I can't quite figure out the last part of this problem…
Find a harmonic conjugate of the harmonic function $u(x,y)= x^3-3xy^2$. Write the resulting analytic function in terms of the complex variable z.
One harmonic conjugate of u is $v(x,y) = 6x^2y-y^3$ (probably wrong, but here's the calculation):
$v(x,y) = \int_{(x_0,y_0)}^{(x,y)} -u_t(s,t)ds + u_s(s,t)dt = \int_{(x_0,y_0)}^{(x,y)} 6st ds + (3s^2-3t^2)dt$
Choosing $(x_0,y_0) = (0,0)$ (since we're finding a harmonic conjugate):
$v(x,y) = 3x^2y+3x^2y-y^3 = 6x^2y-y^3$
So, the resulting analytic function is $f(z) = x^3 – 3x^2y + i(6x^2y-y^3)$ ($z = x+iy$)

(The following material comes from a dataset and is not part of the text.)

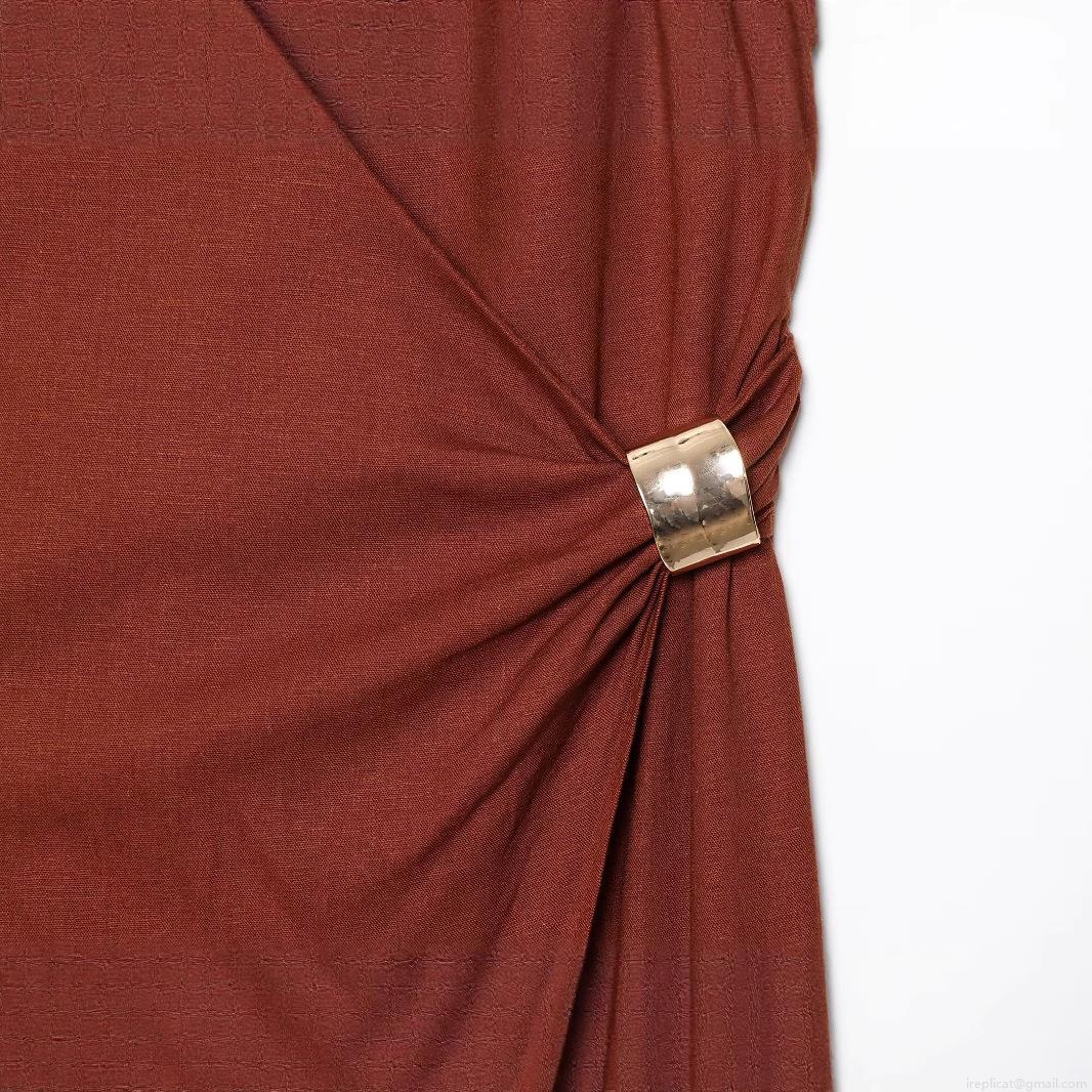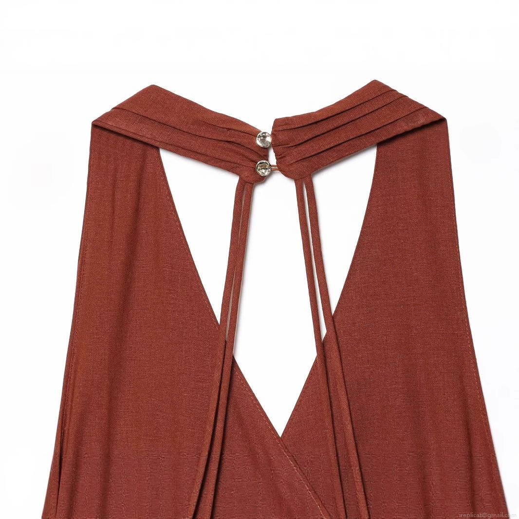 Solid Color, Pleats, Neckband, V-neck, Backless, High Fork, Metal Ring Decoration

How do you write this in terms of $z$? If it was $f(z) = x^3 – 3x^2y + i(3x^2y-y^3)$, it would be just $f(z) = z^3$, but with the $6$ in there, I don't know where to go.
Best Answer
Indeed, that calculation is wrong. With the choice of $(x_0, y_0) = (0, 0)$ as initial point we have $$ v(x, y) = \int_{(0, 0)}^{(x,y)} 6st \, ds + (3s^2-3t^2) \, dt \\ = \int_{(0, 0)}^{(x,0)} 6st \, ds + \int_{(x, 0)}^{(x,y)} 6st \, ds + \int_{(0, 0)}^{(x,0)} (3s^2-3t^2) \, dt + \int_{(x, 0)}^{(x,y)} (3s^2-3t^2) \, dt \, . $$ The first integral is zero because $t=0$ on the path. The second and third integrals are zero because $ds=0$ respectively $dt=0$. It remains $$ v(x, y) = \int_{(x, 0)}^{(x,y)} (3s^2-3t^2) \, dt = \int_0^y (3x^2 -3t^2) \, dt = 3x^2 y- 3 \frac{y^3}{3} = 3x^2 y - y^3 \, . $$ That is consistent with your observation that $$ z^3 = (x+iy)^3 = x^3 - 3x^2y + i(3x^2y-y^3) \, . $$ is an analytic function with the given real part $u$. The general solution is obtained by adding an arbitrary imaginary constant.